It’s not uncommon among SMEs to view the process of applying for grant funding as a drain on resources, or even a diversion from a company’s business plan.
However, as the CEO of a fast-growing technology SME, I believe we actually owe our pace of growth not only to the funding we’ve secured, but also to the rigour of that funding process.
I am convinced that the journey taken to secure grant funding, although time consuming, is good for the business. In my experience, I’ve found that it sharpens the offer and allows innovation to develop into product reality.
The innovation in our case started life with our chief scientific officer Professor David Russell, who founded our company based on his research into the detection of drugs and drug metabolites in fingerprints.
Today, we have a product nearing commercial launch, a handheld fingerprint-based drug screening device. Requiring only a single fingerprint sample to screen for commonly abused groups of drugs, the product is a compact and portable device that provides drug test results in less than ten minutes.
The grant application process
Before we reached the current stage, however, we went through the experience of applying for and being successful at gaining grant funding on three occasions.
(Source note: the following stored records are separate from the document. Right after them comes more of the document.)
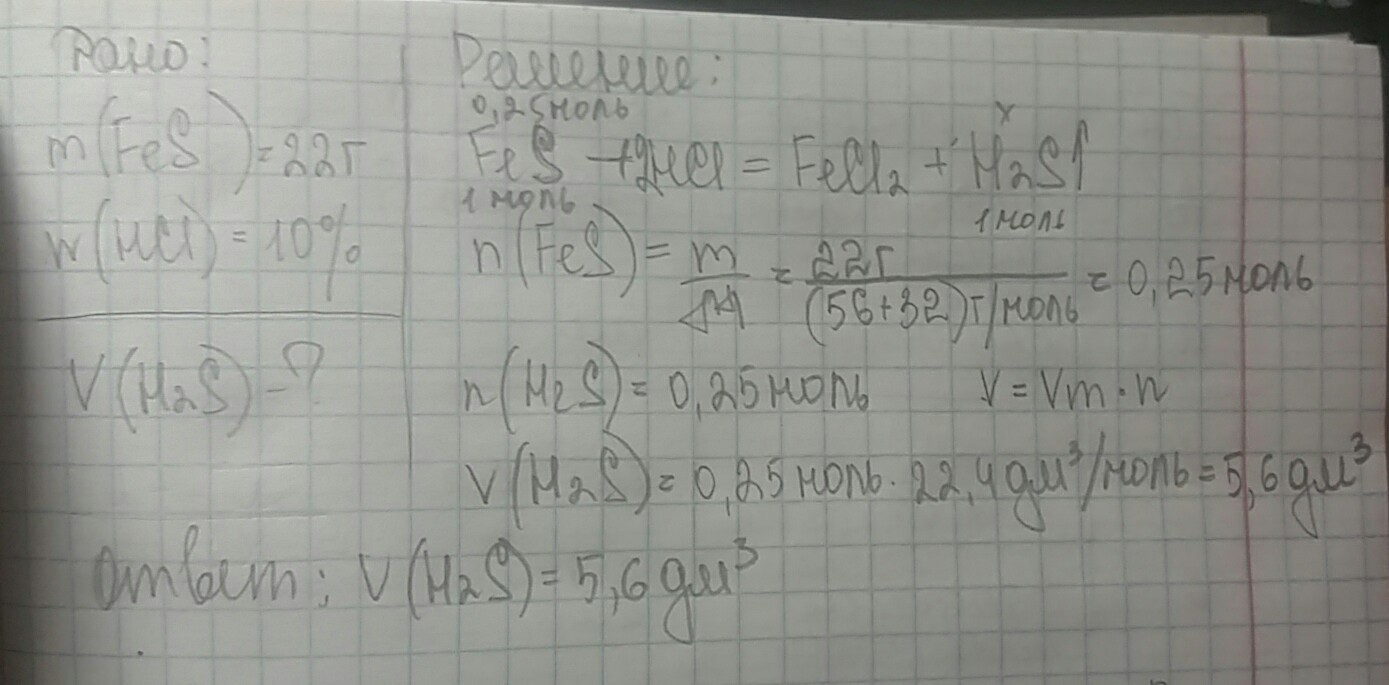Вычислите объем газа (н.у.), который выделится при растворении 22 г сульфида железа (II) в избытке соляной кислоты, массовая доля HCl в которой составляет 10%. Какие данные, содержащиеся в условии задачи, являются, на ваш взгляд, «лишними»? Ответ обоснуйте.
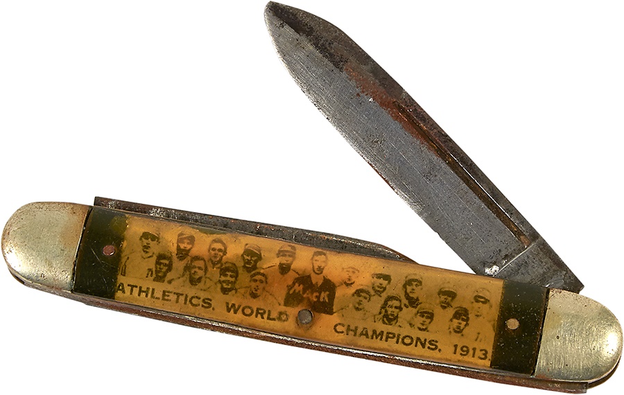 Depicted here is a marvelous image of the World Champ Philadelphia Athletics team, covered in celluloid (no, the team isn't covered in celluloid!). There is some yellowing to the celluloid on both sides and blank verso has some stress cracks.
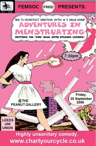 We think menstruation is funny. This is why we write about it, talk about it and make up smutty jokes about it. Then we laugh. A lot. Why is menstruation funny? Um...for the same reasons a lot of other stuff is funny. It's a taboo subject - the shock of it all always gets a giggle right away and, immature or not, the gross-out factor is still fun. It's the new fart joke. You wait and see. Laughter is therapeutic - sometimes periods are a pain in the uterus. Observational humour ain't all bad, and that moment of recognition feels good. We like that shared experience thing. Comedy as subversion is addictive - once you start undermining those stereotypes and analysing the euphemisms, you just can't stop. Menstruation has historically, socially and culturally been cloaked in fear and shame. Deconstructing these beliefs, with brute force when necessary, is empowering. Oh yeah - all our stuff is for menstruators and non-menstruators alike.
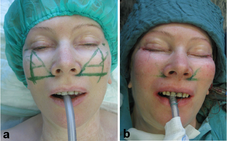 Figure 5: Pre-operative (a) and post-operative view (b) of a patient who underwent a subperiosteal centro-lateral midface lift using the transcutaneous suspension technique. Note the shortening distance of the lower lid.
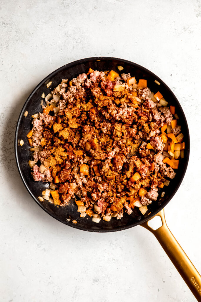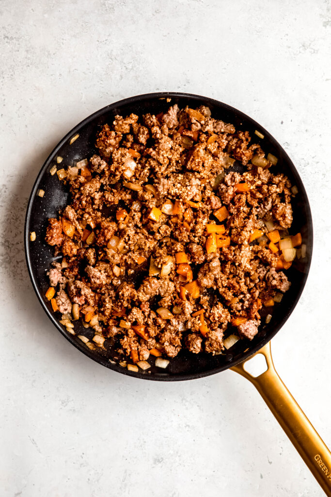 - To the same pan, add the protein of choice until browned and mostly cooked through. Then add minced garlic, taco seasoning, and stir in ½ cup of enchilada sauce.
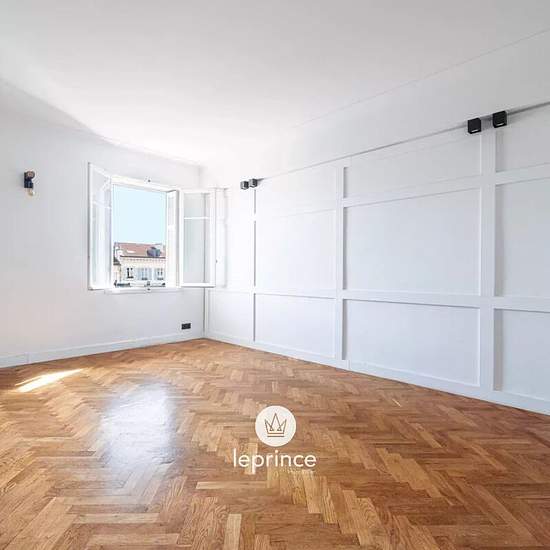Nice Carré d'or / Victor Hugo : Sur le boulevard Victor Hugo, dans un immeuble Art Déco avec gardien, superbe appartement 2 pièces de 38 m² loué meublé, entièrement rénové et situé au 4ᵉ étage avec ascenseur. Entrée, Vaste séjour lumineux exposé plein sud, sans vis-à-vis, avec belle hauteur sous plafond et parquet à bâtons rompus. Cuisine aménagée et équipée (LV, micro-ondes, réfrigérateur, plaques, hotte). Chambre en suite avec salle d’eau séparée par une verrière atelier, W.-C. indépendants, grand placard de rangements intégrés avec lave-l...
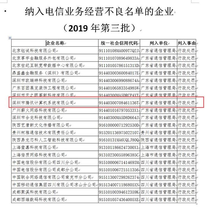 騰訊被納入電信業務經營不良名單
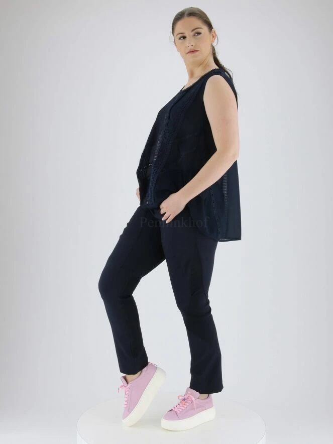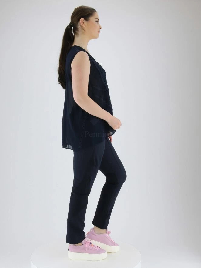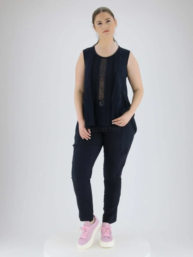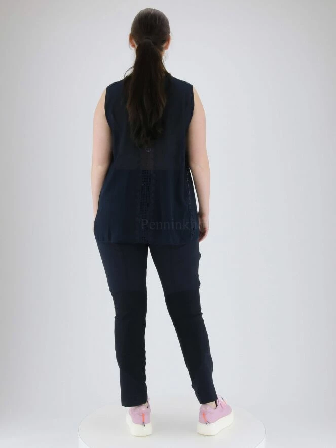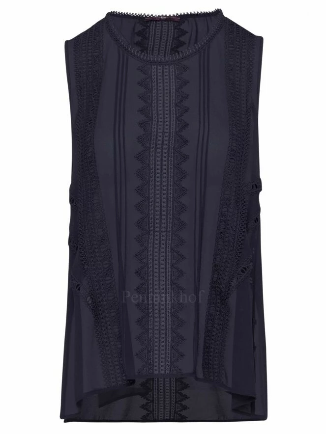 Top sans manches lĂ©gèrement transparent de la marque High, de couleur bleu marine. De multiples bandes de dentelle avec nĹ“ud et nervures traversent l’avant du col Ă l’ourlet. Au dos, une large garniture en dentelle descend en son centre. Le col rond est bordĂ© de dentelle ajourĂ©e Ă nĹ“uds. Lavage Ă la main.
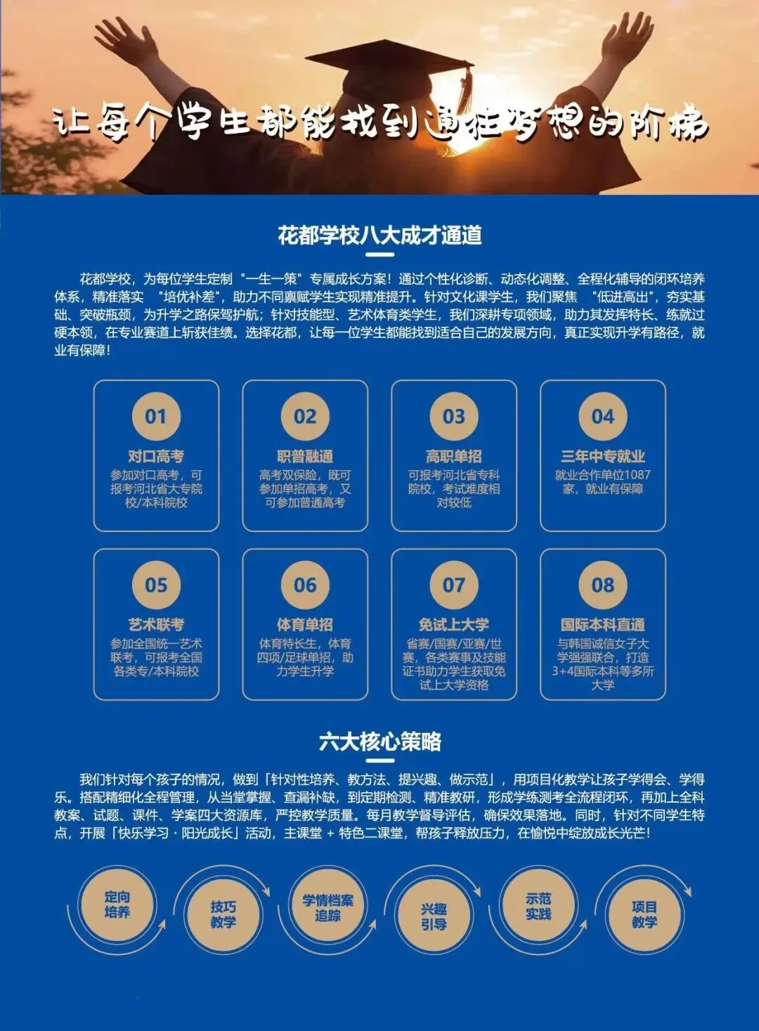 石家庄花都形象艺术学校始建于1994年,是经石家庄市教育局批准设立的全日制中等职业学校,现为省级重点中等职业学校,隶属于花都教育集团。建校三十一年来,以“提质培优、质量立校、专业塑校、管理强校”为办学方向,深耕职业教育领域,累计向社会输送各类优秀毕业生超10万人,赢得广泛行业赞誉与社会认可。

The most recent was a sizeable grant from the EUREKA Eurostars Programme, which is administered in the UK by the government-backed innovation agency, Innovate UK (the new name for the Technology Strategy Board).
EUREKA subjects each application to a structured and rigorous assessment, and although the process of securing the grant was close to being arduous, that particular funding injection allowed our technology to be adapted and trialled in an Anglo-Finnish opioid drug rehabilitation study.
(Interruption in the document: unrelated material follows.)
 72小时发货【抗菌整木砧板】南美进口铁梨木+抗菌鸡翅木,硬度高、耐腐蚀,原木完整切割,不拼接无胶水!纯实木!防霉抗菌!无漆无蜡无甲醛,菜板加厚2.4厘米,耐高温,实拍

Every business will have different experiences of the funding process, but the reality is that grant funding is not ‘easy’ to get and nor should it be.
Graham Mobbs, European operations manager at Innovate UK has been quoted as saying that as a bare minimum, bidders need to demonstrate that there is clear market potential for their innovation and that they have investors willing to match funds. Graham has also said that later stage applications, development of prototype, feasibility studies, collaborative R&D, etc, have more rigorous assessment criteria in order to ensure that grant monies will be well used, on a project with excellent prospects for success and a clear exploitation route.
My understanding is that often, even where companies are unsuccessful in their applications, the application process was beneficial in that it forced the company to examine its fundamental assumptions and to take a look at the marketplace and their company’s ability to meet market challenges.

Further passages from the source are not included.